= Beginning of Section =

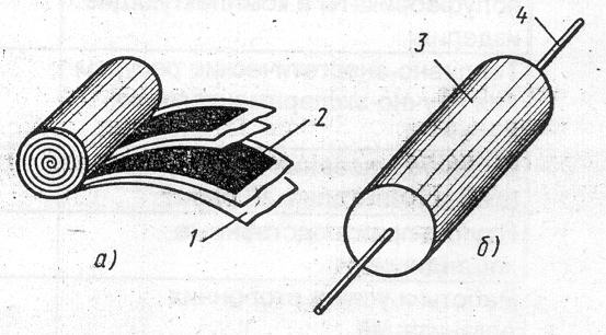 а – конструкция, б – общий вид; 1 – бумага, 2 – фольговые обкладки, 3 – герметичный корпус, 4 – проволочный вывод.
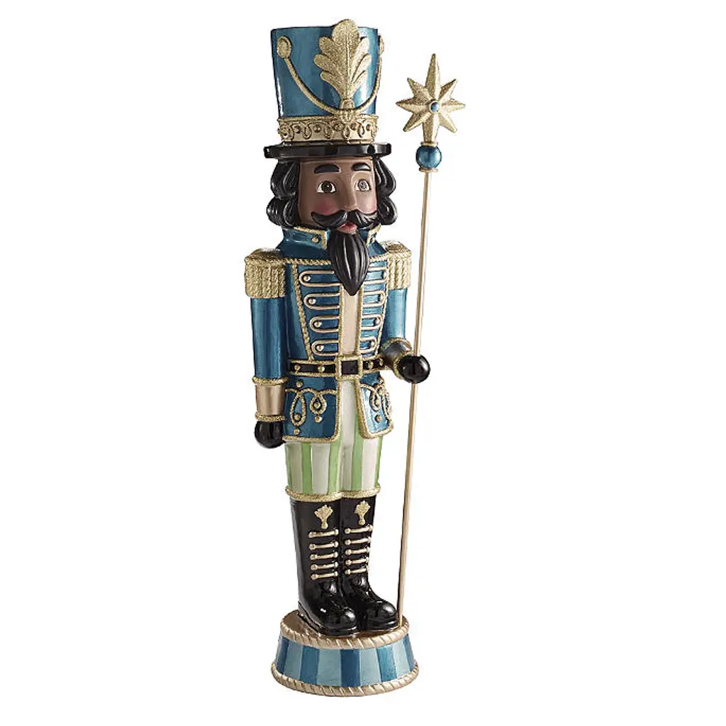 This regal resin nutcracker figure holds a golden staff or snow globe as he stands on a circular base. Painted by hand, it brings holiday elegance and fun to mantels, tabletops and more. Resin Cast from a hand-sculpted original Handpainted For indoor use For display; not a toy Wipe clean with a soft, dry cloth Colors and design may vary slightly due to the handmade nature of this product; no two are identical A Frontgate exclusive. At Frontgate, our primary focus is quality. We guarantee that every product we sell will stand up to the supreme test – our customers' satisfaction. To learn more about our policies, visit our Shipping & Processing, Returns & Exchanges and Warranty & Price Guarantee pages. This regal resin nutcracker figure holds a golden staff or snow globe as he stands on a circular base. Painted by hand, it brings holiday elegance and fun to mantels, tabletops and more. Resin Cast from a hand-sculpted original Handpainted For indoor use For display; not a toy Wipe clean with a soft, dry cloth Colors and design may vary slightly due to the handmade nature of this product; no two are identical A Frontgate exclusive. At Frontgate, our primary focus is quality. We guarantee that every product we sell will stand up to the supreme test – our customers' satisfaction. To learn more about our policies, visit our Shipping & Processing, Returns & Exchanges and Warranty & Price Guarantee pages.
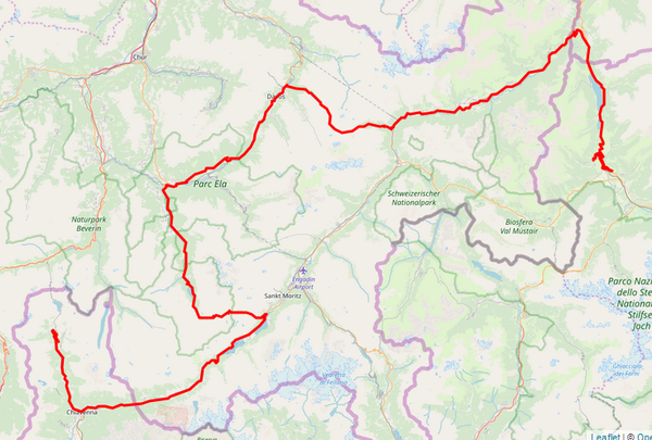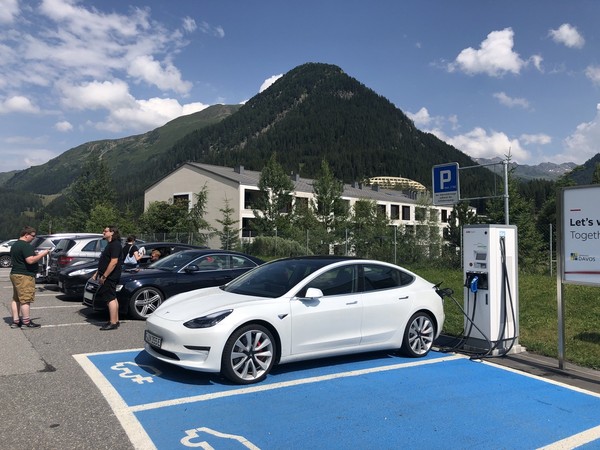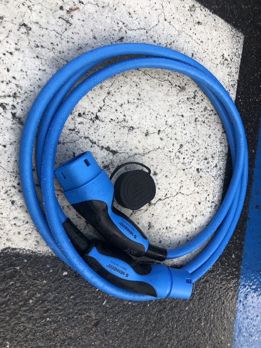 Next morning down in Livigno, picking up the car from its overnight charge at a local free Type 2 spot. A downside of overnight charging in Alpine weather: having to roll up and pack the wet charging cable.Day 2 - further west to Grindelwald, Switzerland Link to heading

= End of Section =

#### [Problem to work on]
Reproduce the whole listing above word for word, dropping each image.

#### [Task response]
 а – конструкция, б – общий вид; 1 – бумага, 2 – фольговые обкладки, 3 – герметичный корпус, 4 – проволочный вывод.
 This regal resin nutcracker figure holds a golden staff or snow globe as he stands on a circular base. Painted by hand, it brings holiday elegance and fun to mantels, tabletops and more. Resin Cast from a hand-sculpted original Handpainted For indoor use For display; not a toy Wipe clean with a soft, dry cloth Colors and design may vary slightly due to the handmade nature of this product; no two are identical A Frontgate exclusive. At Frontgate, our primary focus is quality. We guarantee that every product we sell will stand up to the supreme test – our customers' satisfaction. To learn more about our policies, visit our Shipping & Processing, Returns & Exchanges and Warranty & Price Guarantee pages. This regal resin nutcracker figure holds a golden staff or snow globe as he stands on a circular base. Painted by hand, it brings holiday elegance and fun to mantels, tabletops and more. Resin Cast from a hand-sculpted original Handpainted For indoor use For display; not a toy Wipe clean with a soft, dry cloth Colors and design may vary slightly due to the handmade nature of this product; no two are identical A Frontgate exclusive. At Frontgate, our primary focus is quality. We guarantee that every product we sell will stand up to the supreme test – our customers' satisfaction. To learn more about our policies, visit our Shipping & Processing, Returns & Exchanges and Warranty & Price Guarantee pages.
 Next morning down in Livigno, picking up the car from its overnight charge at a local free Type 2 spot. A downside of overnight charging in Alpine weather: having to roll up and pack the wet charging cable.Day 2 - further west to Grindelwald, Switzerland Link to heading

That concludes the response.